Cement slurry preparation

The ratio of water to Class G cement was fixed at 0.44, and the samples are prepared according to the API RP 10A (Recommended Practice and 10A 2011) and API RP 10B-2 (API Recommended Practice 2009) standards. Geopolymer cement slurry is prepared by gently pouring sodium silicate into the mixer filled with 8 molal sodium hydroxide solution for approximately 10 s. The fly ash is then poured into alkali solution with a speed mixer for 15 s at 4000 rpm, and the mixing is further continued for 35 s at 12,000 rpm to obtain a homogeneous slurry.

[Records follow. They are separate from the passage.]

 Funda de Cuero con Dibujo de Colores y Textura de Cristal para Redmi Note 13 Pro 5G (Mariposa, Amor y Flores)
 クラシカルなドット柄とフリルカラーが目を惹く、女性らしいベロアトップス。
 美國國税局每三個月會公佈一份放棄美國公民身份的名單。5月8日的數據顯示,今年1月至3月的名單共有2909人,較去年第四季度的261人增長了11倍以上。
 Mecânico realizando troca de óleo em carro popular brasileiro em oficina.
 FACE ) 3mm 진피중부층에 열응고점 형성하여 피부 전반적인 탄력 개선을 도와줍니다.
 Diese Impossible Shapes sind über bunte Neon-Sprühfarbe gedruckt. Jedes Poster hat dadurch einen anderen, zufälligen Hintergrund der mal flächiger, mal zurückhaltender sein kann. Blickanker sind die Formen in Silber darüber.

Curing and specimen preparation

After preparing the cement slurry with required standards, the slurry is poured into a 2 × 2 × 2-inch steel cubic mold, which is coated with grease. The molds are then located inside a high-pressure, high-temperature (HPHT) curing chamber containing a pressure vessel with controlled heating rates. The curing process is performed for 24 h with two different pressure/temperature conditions, i.e., 17.23 MPa/60 °C and 24.13 MPa/130 °C, to prepare cement paste for CO2-saturated brine immersion experiments. The mix design preparation of geopolymer cement samples used in this experimental study is shown in Table 2. Here, GC60 corresponds to geopolymer cement cured at 60 °C and 17.23 MPa, whereas GC130 corresponds to geopolymer cement cured at 130 °C and 24.13 MPa. Similarly, PC60 is abbreviated for the OPC-based Class G cement cured at 60 °C and 17.23 MPa, and PC130 corresponds to OPC-based Class G cement cured at 130 °C and 24.13 MPa.

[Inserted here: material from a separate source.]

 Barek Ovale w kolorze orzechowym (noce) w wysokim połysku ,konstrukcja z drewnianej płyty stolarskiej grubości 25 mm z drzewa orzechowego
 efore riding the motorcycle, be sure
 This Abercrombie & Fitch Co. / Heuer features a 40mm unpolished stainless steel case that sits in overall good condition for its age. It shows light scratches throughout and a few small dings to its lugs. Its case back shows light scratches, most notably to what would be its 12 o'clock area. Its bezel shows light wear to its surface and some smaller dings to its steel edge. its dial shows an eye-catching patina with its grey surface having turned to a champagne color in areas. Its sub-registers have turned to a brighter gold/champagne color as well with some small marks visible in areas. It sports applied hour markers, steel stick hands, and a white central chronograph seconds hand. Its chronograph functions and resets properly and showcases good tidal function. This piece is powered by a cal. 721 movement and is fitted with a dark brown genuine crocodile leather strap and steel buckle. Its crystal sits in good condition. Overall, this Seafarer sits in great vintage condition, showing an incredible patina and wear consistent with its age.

Table 2 Mix design of geopolymer cement

The degradation testing is performed for the obtained hardened cement. Geopolymer cement and Class G cement paste were cured at 17.23 MPa/60°C and 24.13 MPa/130°C immersed in CO2-saturated brine solution in a 7.5-L (Hastelloy C-276) HP/HT dynamic autoclave (120 mm diameter × 570 mm depth). The autoclave vessel is capable of handling operations up to 35 MPa and 300 °C. A booster pump is used to charge low-pressure CO2 gas from vessel to autoclave via a small diameter pipe made of stainless steel. The temperature is controlled by an AC12T controller with an accuracy of ± 1 °C.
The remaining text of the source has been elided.